Sam's Secret (Icehome)
Page 73
He groans again.
I freeze, turning to stare at Kvasaht. He's not moving. He's not. I watch for so long that my eyes ache with the intensity of my stare, but his chest never moves. Curious, I kick him again—and there's another groan, albeit smaller. What the fuck? Dimly, I remember some trivia about corpses letting out groans and burps as the gases leave the body. That must be this. With one more nudge of my foot just to make sure he's dead, I turn my back on him and settle next to Sessah, washing his face.
Sessah's handsome face looks as bad as my palms, I decide as I clean him off. Once I get rid of the blood, he looks better. One side of his face is bruised to hell, his eye swollen shut and a nasty-looking gash just below the plating on his brow, at his temple. There's another jagged gash on his scalp, just above his ear, and I dab it clean, pinch the edges together, and when I'm satisfied he doesn't need stitches, I take a few more strips from my tunic and wrap his head so the skin will have a chance to knit cleanly.
Thank god for the khui, I think as I trace Sessah's bruised face with my fingertips. It'll heal him faster than a normal man. This won't scar him. "We're going to be just fine," I whisper, running my fingertips over his lips. "You'll see. Just wake up and tell me you love me, and everything will be wonderful."
Sessah sleeps on, though. I sit by his side for hours, and when he continues to sleep, I decide I should clean up and get the dead guy away from us before he starts stinking. I get to my feet, wincing at how much my body hurts, and grab two handfuls of Kvasaht's battered, blood-covered clothing.
The moment I grab him, his corpse farts. Long, and low, and loud.
For some reason, I laugh. It's the most absurd thing in the world, and yet it somehow seems like a fitting sendoff for this absolute shit-stain of a being. "My thoughts exactly, buddy."
26
SESSAH
Something cool and wet is on my brow, easing the ache in my head a little. My thoughts are muddy, but I distinctly recall Kva-saht as he approached me and Sam screamed in terror. I remember him lowering a rock, and then nothing else.
I tense, testing my arms and legs. They are unbound now, and as gentle fingertips stroke my jaw, I dare to crack my eyes open. Sam sits next to me, stroking my face with a thoughtful expression. A little smile curves her mouth at the sight of me. "Just relax, Ses. Everything's okay."
"Kva-saht—" I struggle to sit up.
"Dead," she says, and keeps stroking my jaw. "You're safe.
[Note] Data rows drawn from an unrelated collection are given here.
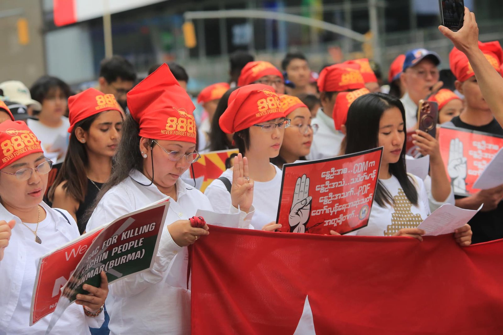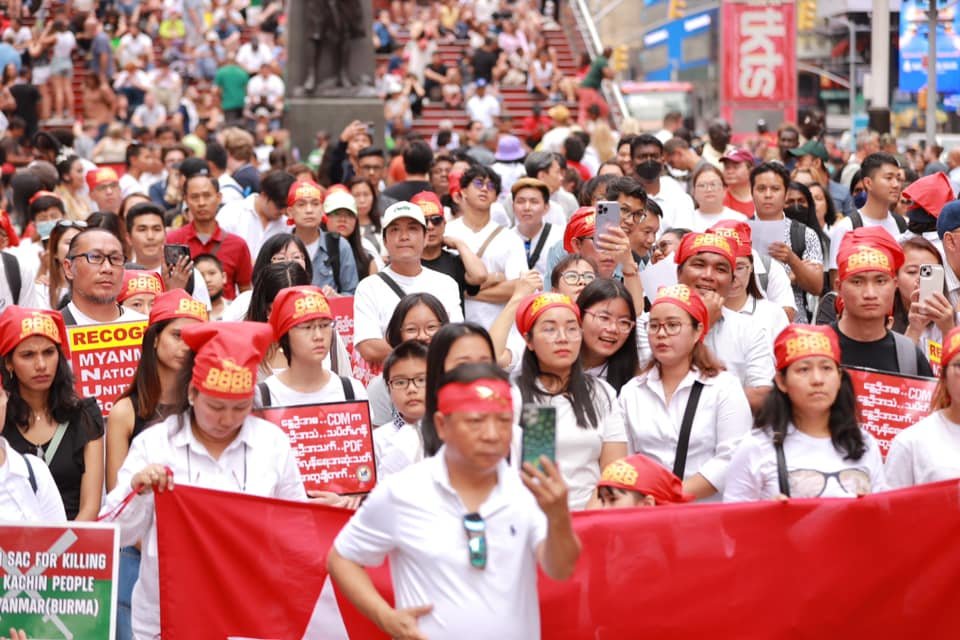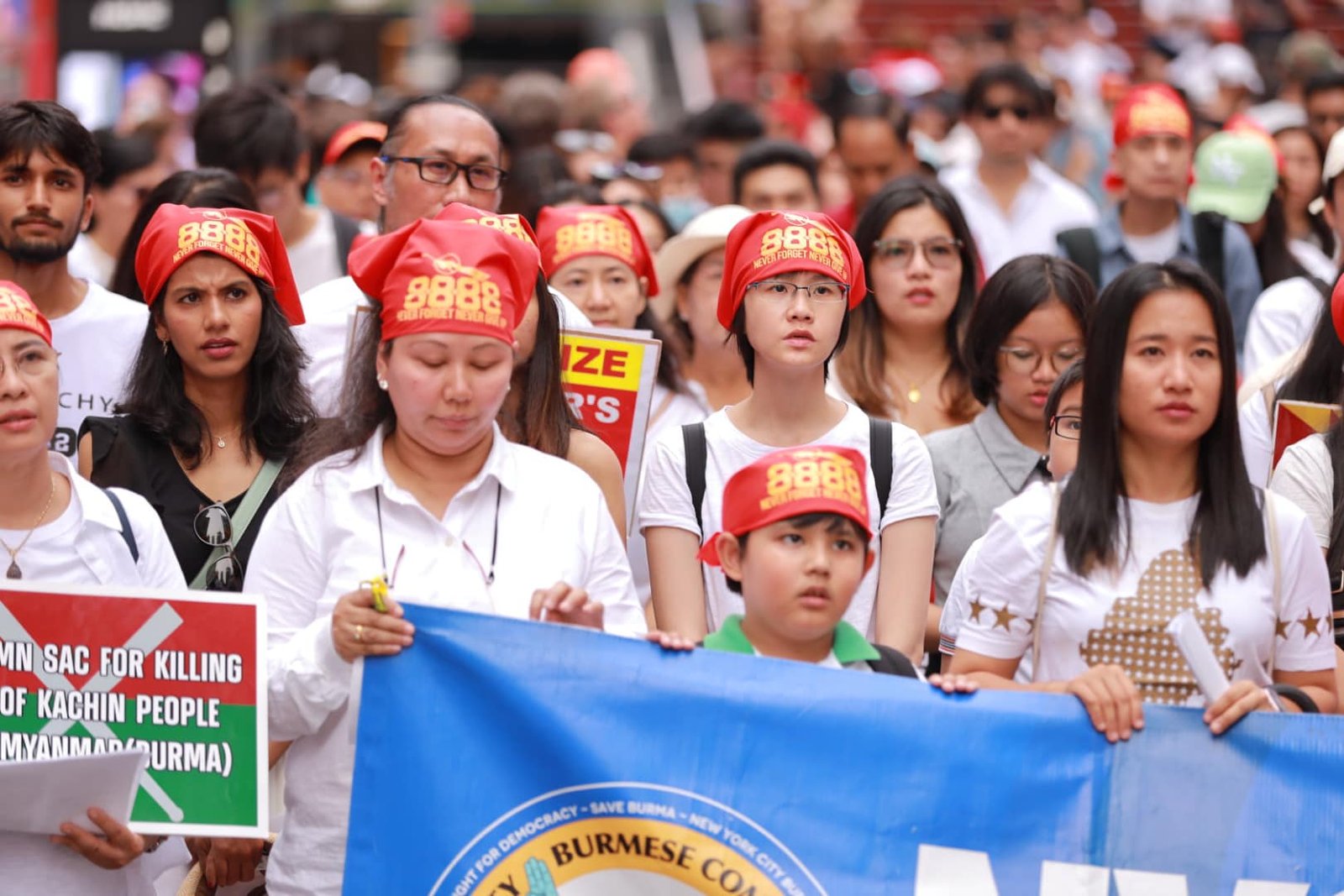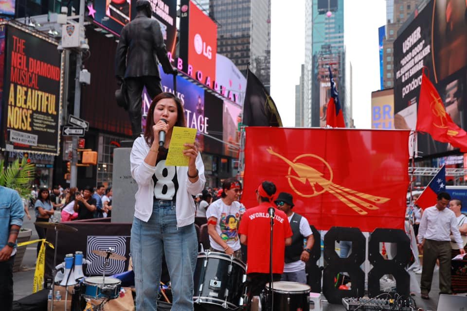 အမေရိကန်ပြည်ထောင်စု၊ နယူးယောက်မြို့မှာ ဩဂုတ် ၅ရက်နေ့ ဒေသခံစံတော်ချိန် ညနေ ၄နာရီမှာ ရှစ်လေးလုံး ၃၅ နှစ်ပြည့်အကြိုအခမ်းအနားကို ပြည်ပရောက်မြန်မာတွေနဲ့တော်လှန်ရေးအင်အားစုတွေကပြုလုပ်ခဲ့ကြပါတယ်။ စစ်အာဏာရှင်တော်လှန်ရေးနဲ့ပတ်သက်တဲ့ ကြွေးကျော်သံတွေ လှုပ်ရှားမှုတွေနဲ့ အတူ အခမ်းအနားကိုပြုလုပ်ခဲ့ပြီး နယူးယောက်အနီးတဝိုက်က မြန်မာပြည်ဖွားတိုင်းရင်းသား ၃၀၀ ခန့် တက်ရောက်ခဲ့ကြတယ်လို့ သိရပါတယ်။
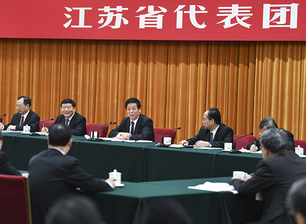 ????3月10日,中共中央政治局常委、全國人大常委會委員長栗戰書參加十三屆全國人大二次會議江蘇代表團的審議。新華社記者 謝環馳 攝
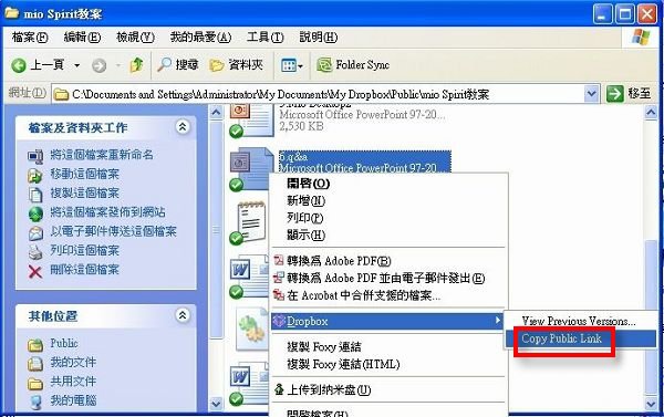 Dropbox甚至可以當私人的FTP使用,只要將檔案放在Public目錄中,然後在該檔案上面按右鍵選擇Dropbox-->Copy Public Link:6 B2 M& O7 m; ~% I$ s' R& q
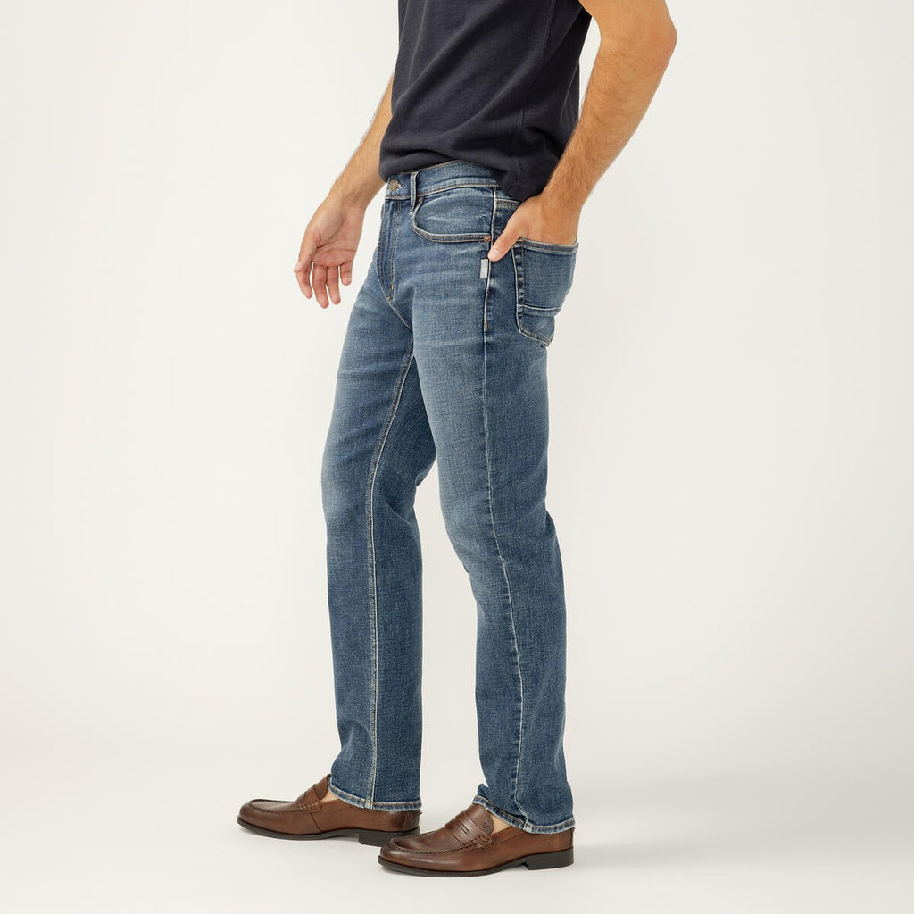 Machray is a modern take on the athletic fit jean, featuring a longer saddle and a slim-yet-spacious fit through the hip and thigh. Built for a close-but-comfortable sporty look, it’s finished with a classic straight leg opening for a sleek finish.
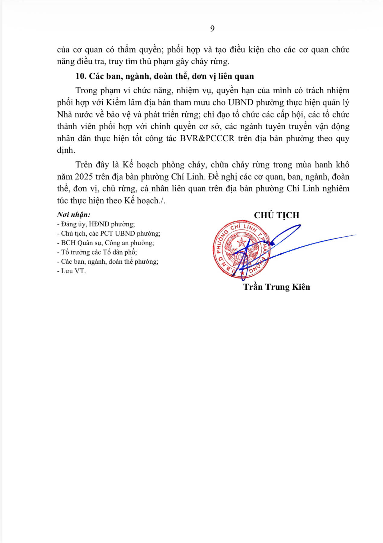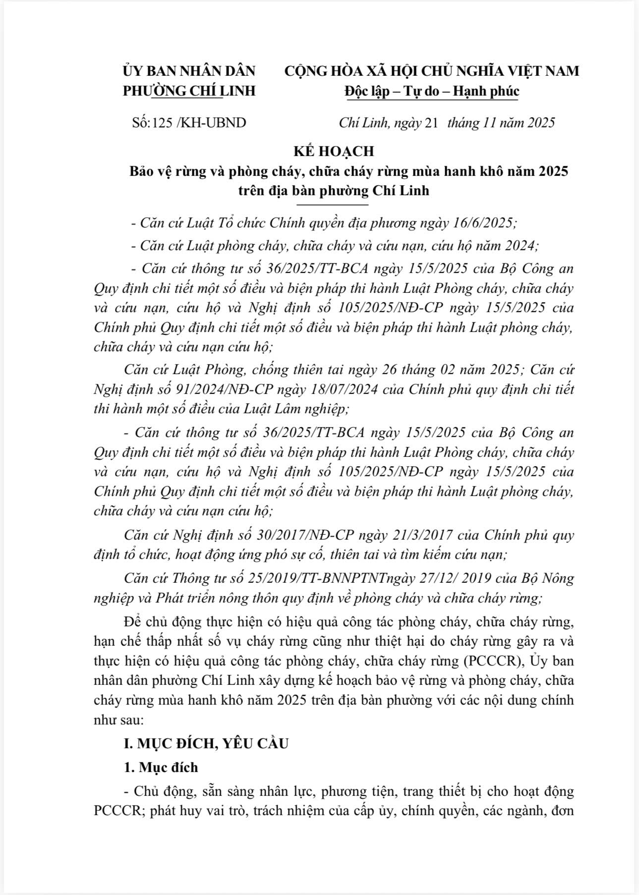 KẾ HOẠCH BẢO VỆ RỪNG VÀ PHÒNG CHÁY, CHỮA CHÁY RỪNG MÙA HANH KHÔ NĂM 2025 TRÊN ĐỊA BÀN PHƯỜNG CHÍ LINH.
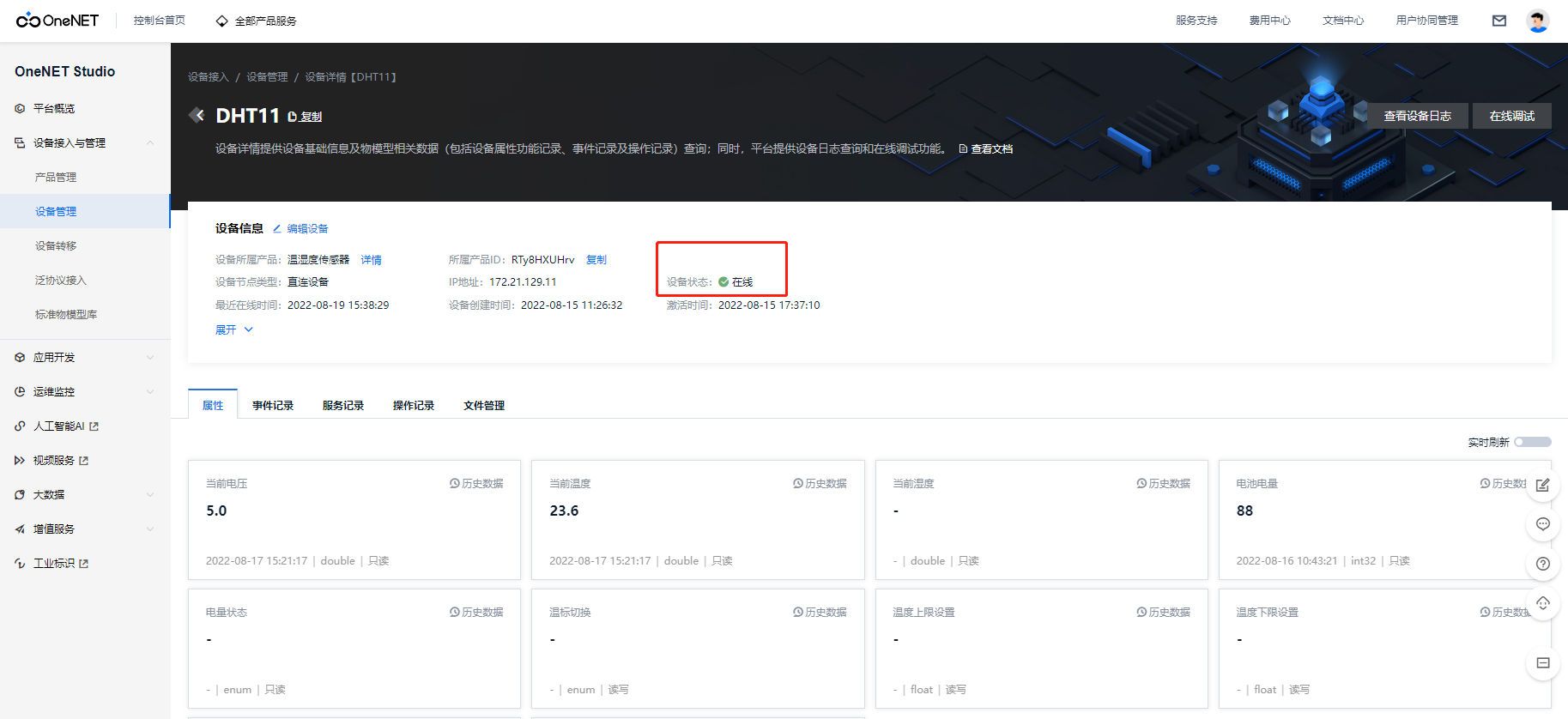 页面设备管理-设备详情,查看设备上报的属性数据。

Just lie back, okay? I don't know how badly he hurt your head, but you need to rest and let your khui work on you."
"You…"
"I killed him," Sam says, her voice flat. "He was going to torture you to try to get you to tell him where our ship is, never mind that we don't have one. And then he was going to rape me. I'm sure once he found out we didn't have a ship, he probably would have killed me, too." She shrugs, her expression distant. "He was hurting you, so I rushed at him and pushed him. He fell on his knife, and instead of helping him, I finished him off. I killed him, Sessah."
I stare at her, shocked.
"Do you hate me now? Do you think I'm awful?" There is worry all over her bruised face, and this close, I can see the scratches from the stranger's claws. He must have gripped her jaw and forced her to look at him…or worse.
I try to sit up again, only for her to make an exasperated sound and push on my shoulders once more. She slides her hips over my chest, pinning me down, and leans over me. "What part of relax and rest is difficult for you to understand?"
"The part where my mate is hurt and I did nothing," I growl. "The part where she thinks I would hate her because she defended herself."
Sam's eyes fill with tears. "I just…I didn't see a way out other than to kill him. He was going to murder you, and I couldn't let that happen. I know I should have been the bigger person, but I couldn't."
Bigger person? "You will never be as big as he was, Sam. Your race is not made that way."
She laughs through her tears, giving me a wobbly smile. "It means I should have chosen to be the kind one, even when he wasn't. And I didn't. Instead of trying to be better, I killed him. Because I didn't see a future in which he would be part of our tribe, or happy on the beach. I just saw him hurting people. And I know you're disgusted with me because that's not what your people do. You're kind and loving and good and I'm just a shitty human who takes the easy way out." Tears roll down her cheeks. "And the worst part is? I'm not even sorry. When he hurt you, I wanted to kill him."